Exercise: Your copy should start at the line with "Anti-SOGA1 antibody IHC" and end at the line with "Erkek bebek kapüşonlu, kürk" in the data below. Transcribe only those lines, exactly, pictures excluded.

Entries supplied:
+-------+

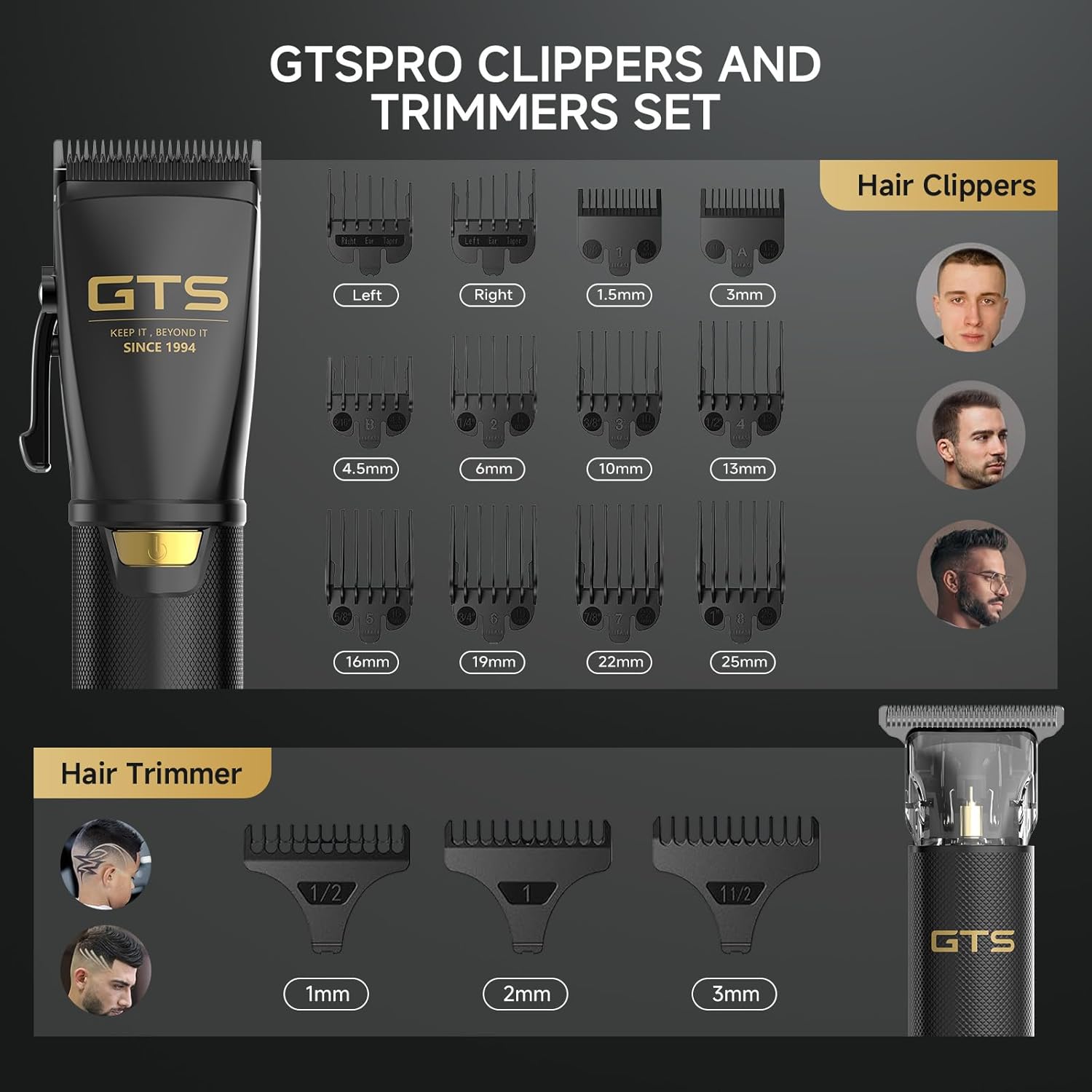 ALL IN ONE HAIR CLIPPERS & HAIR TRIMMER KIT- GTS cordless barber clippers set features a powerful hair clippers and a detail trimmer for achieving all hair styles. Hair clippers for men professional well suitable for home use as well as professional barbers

+-------+

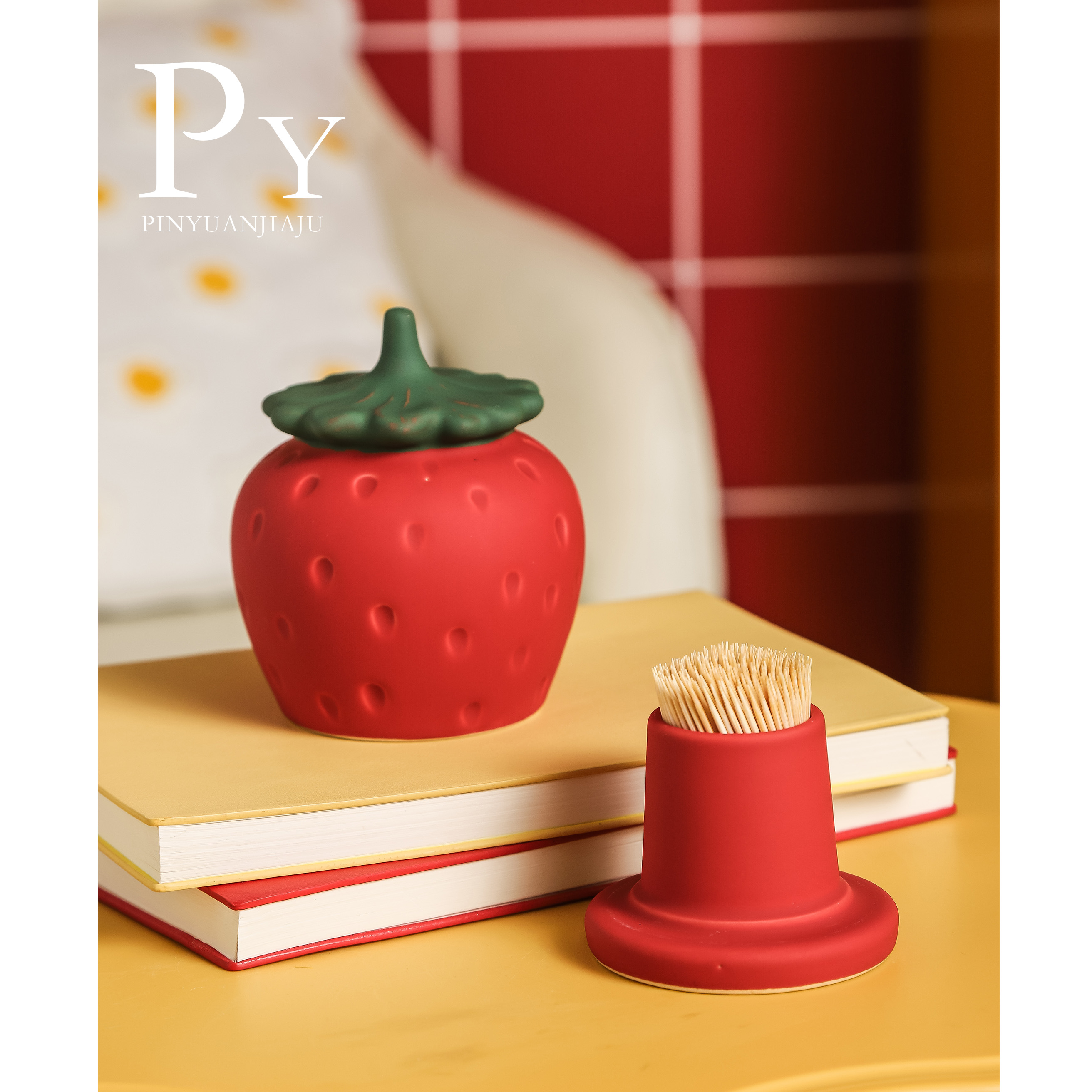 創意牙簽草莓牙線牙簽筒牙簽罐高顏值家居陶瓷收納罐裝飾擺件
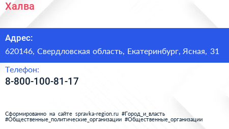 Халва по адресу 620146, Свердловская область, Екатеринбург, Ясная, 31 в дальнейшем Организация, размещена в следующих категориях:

+-------+

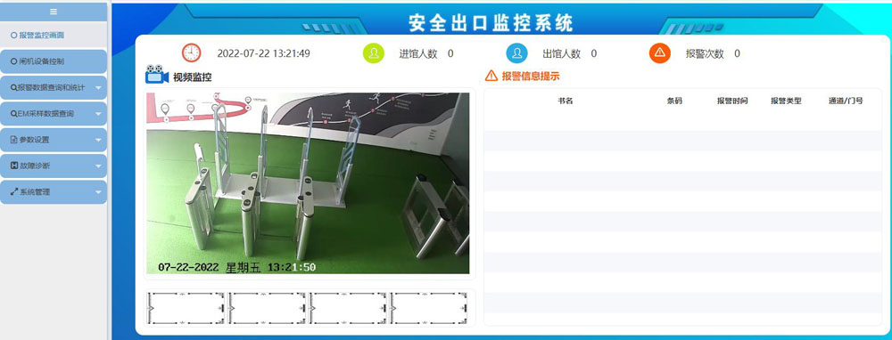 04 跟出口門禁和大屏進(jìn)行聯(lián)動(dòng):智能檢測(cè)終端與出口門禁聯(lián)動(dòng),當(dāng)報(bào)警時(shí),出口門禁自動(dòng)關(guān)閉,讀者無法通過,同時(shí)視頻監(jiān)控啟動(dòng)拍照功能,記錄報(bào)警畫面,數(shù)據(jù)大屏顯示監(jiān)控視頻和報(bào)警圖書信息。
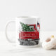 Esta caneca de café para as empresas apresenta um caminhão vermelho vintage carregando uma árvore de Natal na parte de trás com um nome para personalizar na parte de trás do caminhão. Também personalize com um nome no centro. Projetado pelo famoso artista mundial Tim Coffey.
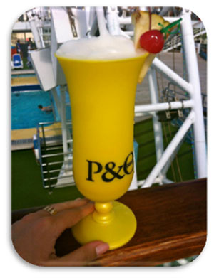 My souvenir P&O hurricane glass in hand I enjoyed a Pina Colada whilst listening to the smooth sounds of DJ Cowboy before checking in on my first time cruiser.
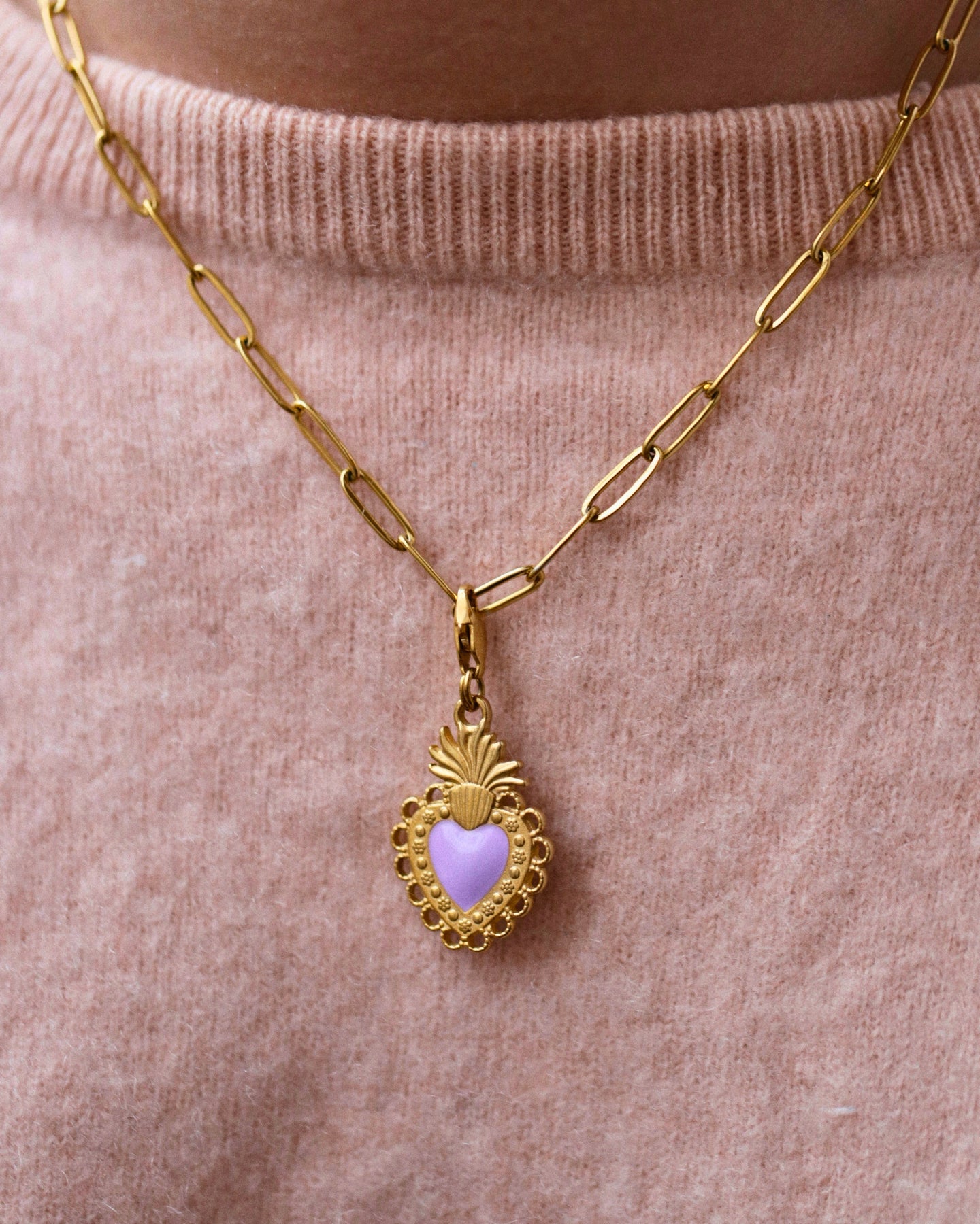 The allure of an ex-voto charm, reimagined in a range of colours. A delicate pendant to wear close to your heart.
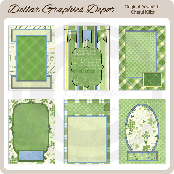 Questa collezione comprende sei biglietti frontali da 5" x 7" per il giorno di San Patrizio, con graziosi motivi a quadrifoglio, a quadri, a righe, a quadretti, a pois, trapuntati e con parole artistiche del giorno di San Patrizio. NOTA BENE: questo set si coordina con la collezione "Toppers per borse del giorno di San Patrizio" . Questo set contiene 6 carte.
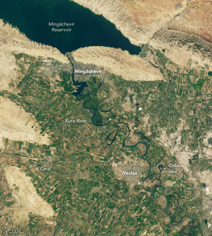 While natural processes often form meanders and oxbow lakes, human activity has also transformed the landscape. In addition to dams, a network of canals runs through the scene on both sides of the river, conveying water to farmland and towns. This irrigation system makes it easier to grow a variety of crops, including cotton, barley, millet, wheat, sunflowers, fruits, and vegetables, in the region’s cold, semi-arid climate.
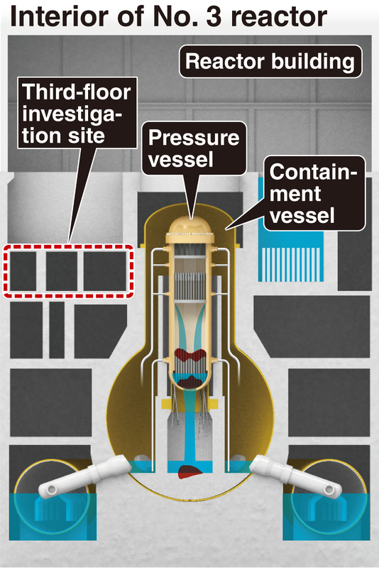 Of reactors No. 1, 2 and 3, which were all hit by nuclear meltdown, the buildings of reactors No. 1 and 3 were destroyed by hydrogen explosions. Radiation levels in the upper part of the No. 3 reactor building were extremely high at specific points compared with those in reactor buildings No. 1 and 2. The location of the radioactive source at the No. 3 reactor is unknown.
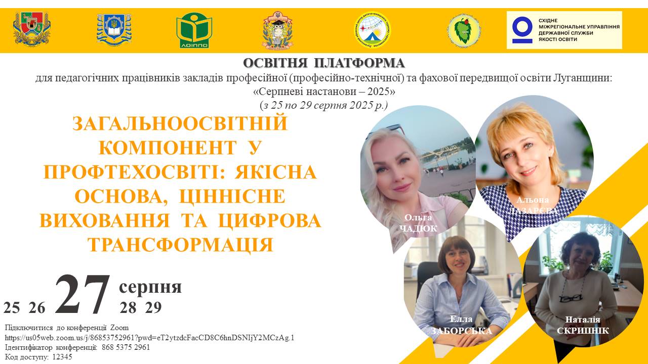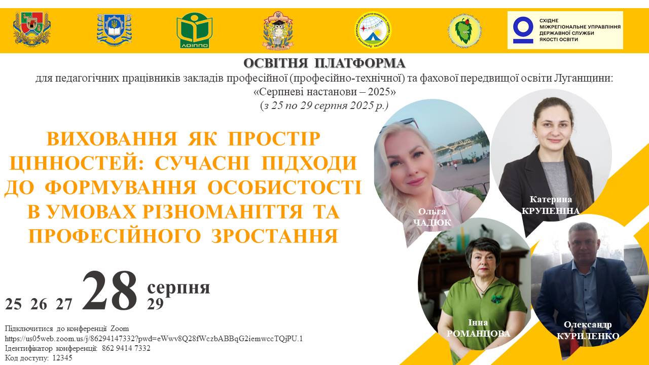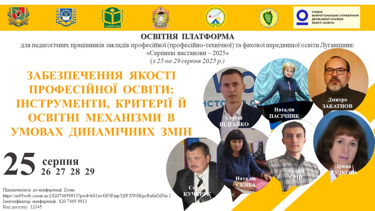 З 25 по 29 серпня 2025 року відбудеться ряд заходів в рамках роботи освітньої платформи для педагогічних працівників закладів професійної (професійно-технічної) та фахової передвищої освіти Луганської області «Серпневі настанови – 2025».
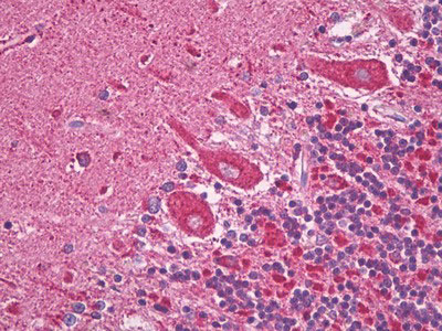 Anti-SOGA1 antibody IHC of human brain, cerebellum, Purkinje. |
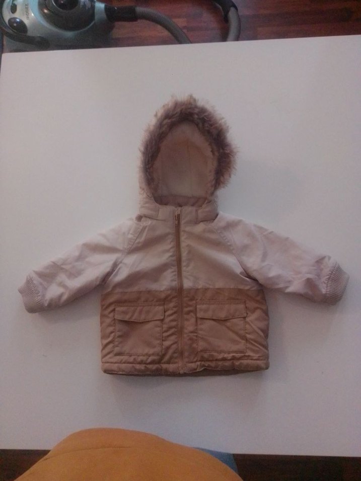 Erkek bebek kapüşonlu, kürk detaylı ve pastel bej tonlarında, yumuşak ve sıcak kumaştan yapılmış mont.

+-------+

Exercise output:
 Anti-SOGA1 antibody IHC of human brain, cerebellum, Purkinje. |
 Erkek bebek kapüşonlu, kürk detaylı ve pastel bej tonlarında, yumuşak ve sıcak kumaştan yapılmış mont.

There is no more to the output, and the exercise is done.